■ What is required ■
An exact transcription of every entry is required, with the images left out.

━━━ Input data

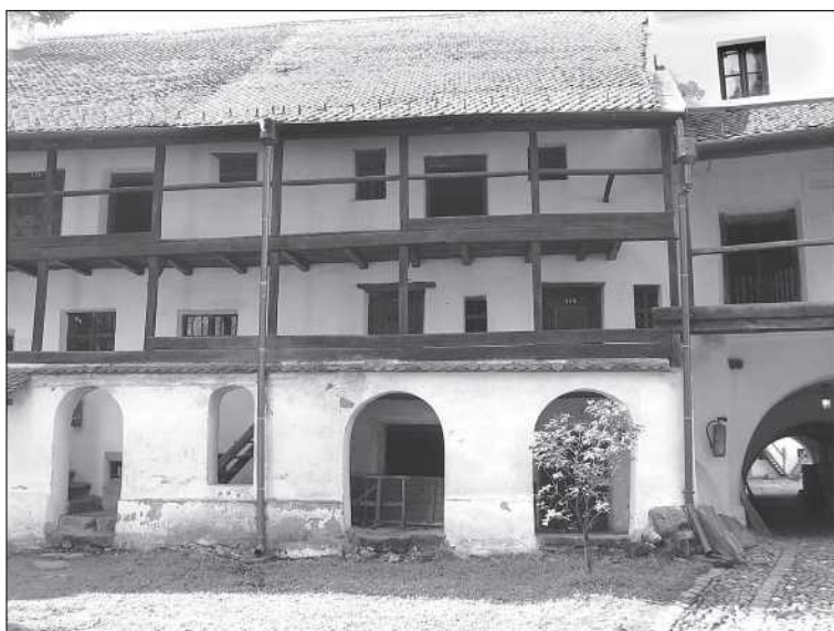
A prázsmári templomerőd családi kamrái
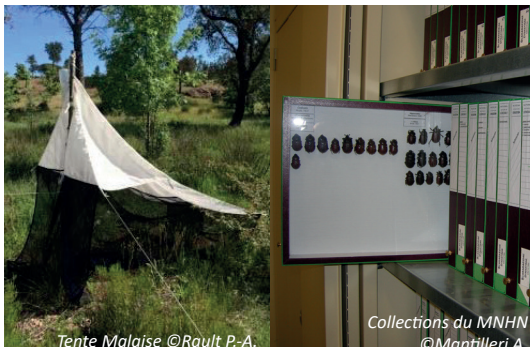
Tente Malaise

L'inventaire en cours est, à ce titre, tout à fait exceptionnel !
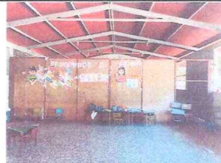
Foto 10: Reparación de división de salón de usos múltiples ( cancel)

Observación: Si es necesario se pueden agregar hojas adicionales y actualizar el número de hojas.
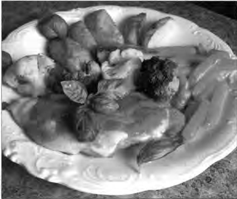
gałązka świeżej pietruszki parę listków świeżej bazylii

WYKONANIE: Filety dokładnie myjemy, usuwamy błonki i ścięgna. Lekko rozbijamy z obu stron, posypując solą i pieprzem. Układamy na brytfance wyłożonej folią aluminiową natłuszczoną oliwą z oliwek. Na filetach układamy plastry mozzarelli, całość polewamy sosem pomidorowym.
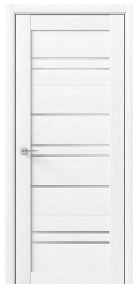
РИТМИК 8 Белый дуб
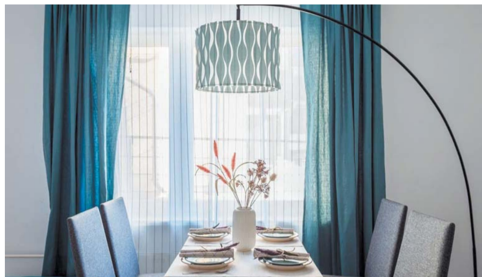
Поменять свою квартиру в хрущёвке или брежневке на новую, светлую и современную, можно через специалистов застройщика

Как объясняют представители застройщиков, сначала покупатель выбирает новую
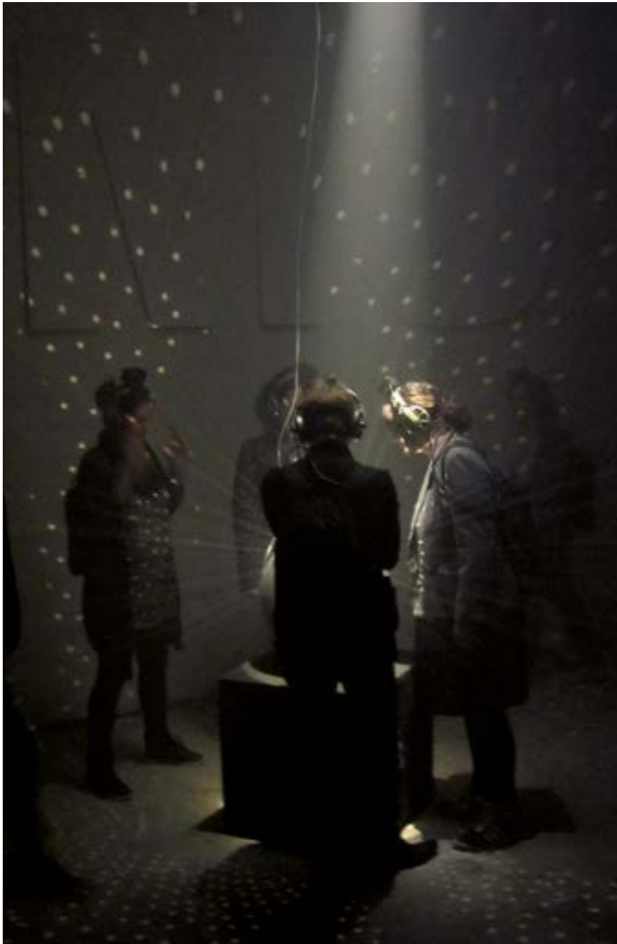
EQUINOXE CARDAMINE, collectif

des professionnels et des artistes, etc.
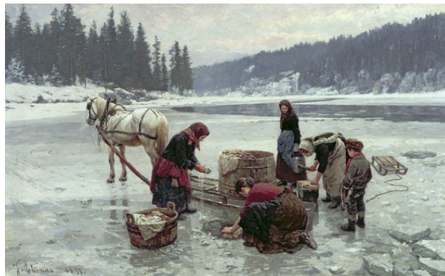
Норвежский художник Ян Экенес «Женщины стирают» 1891 год.
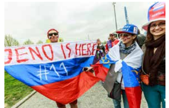
Ruští fanoušci věří v obhajobu titulu mistrů světa

I Ostravané, které nechává hokej chladnými, musí ocenit, jak slušně a vstřícně se hokejoví fanoušci v odlišných dresech k sobě chovají. Na rozdíl od fotbalových výtržníků, se kterými máme v Ostravě své špatné zkušenosti. Sport má přece lidi a národy spojovat, ne dělit. (vi)
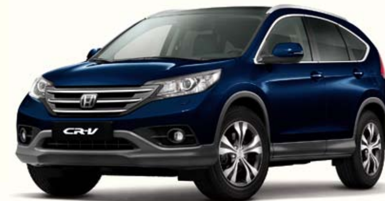
B580 Deep Ocean Blue
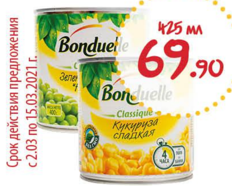
Горошек, Кукуруза БОНДЮЭЛЬ

Срок действия предложения с 16.03 по 30.03.2021 г.

━━━━━━

■ Response below ■
A prázsmári templomerőd családi kamrái
Tente Malaise

L'inventaire en cours est, à ce titre, tout à fait exceptionnel !
Foto 10: Reparación de división de salón de usos múltiples ( cancel)

Observación: Si es necesario se pueden agregar hojas adicionales y actualizar el número de hojas.
gałązka świeżej pietruszki parę listków świeżej bazylii

WYKONANIE: Filety dokładnie myjemy, usuwamy błonki i ścięgna. Lekko rozbijamy z obu stron, posypując solą i pieprzem. Układamy na brytfance wyłożonej folią aluminiową natłuszczoną oliwą z oliwek. Na filetach układamy plastry mozzarelli, całość polewamy sosem pomidorowym.
РИТМИК 8 Белый дуб
Поменять свою квартиру в хрущёвке или брежневке на новую, светлую и современную, можно через специалистов застройщика

Как объясняют представители застройщиков, сначала покупатель выбирает новую
EQUINOXE CARDAMINE, collectif

des professionnels et des artistes, etc.
Норвежский художник Ян Экенес «Женщины стирают» 1891 год.
Ruští fanoušci věří v obhajobu titulu mistrů světa

I Ostravané, které nechává hokej chladnými, musí ocenit, jak slušně a vstřícně se hokejoví fanoušci v odlišných dresech k sobě chovají. Na rozdíl od fotbalových výtržníků, se kterými máme v Ostravě své špatné zkušenosti. Sport má přece lidi a národy spojovat, ne dělit. (vi)
B580 Deep Ocean Blue
Горошек, Кукуруза БОНДЮЭЛЬ

Срок действия предложения с 16.03 по 30.03.2021 г.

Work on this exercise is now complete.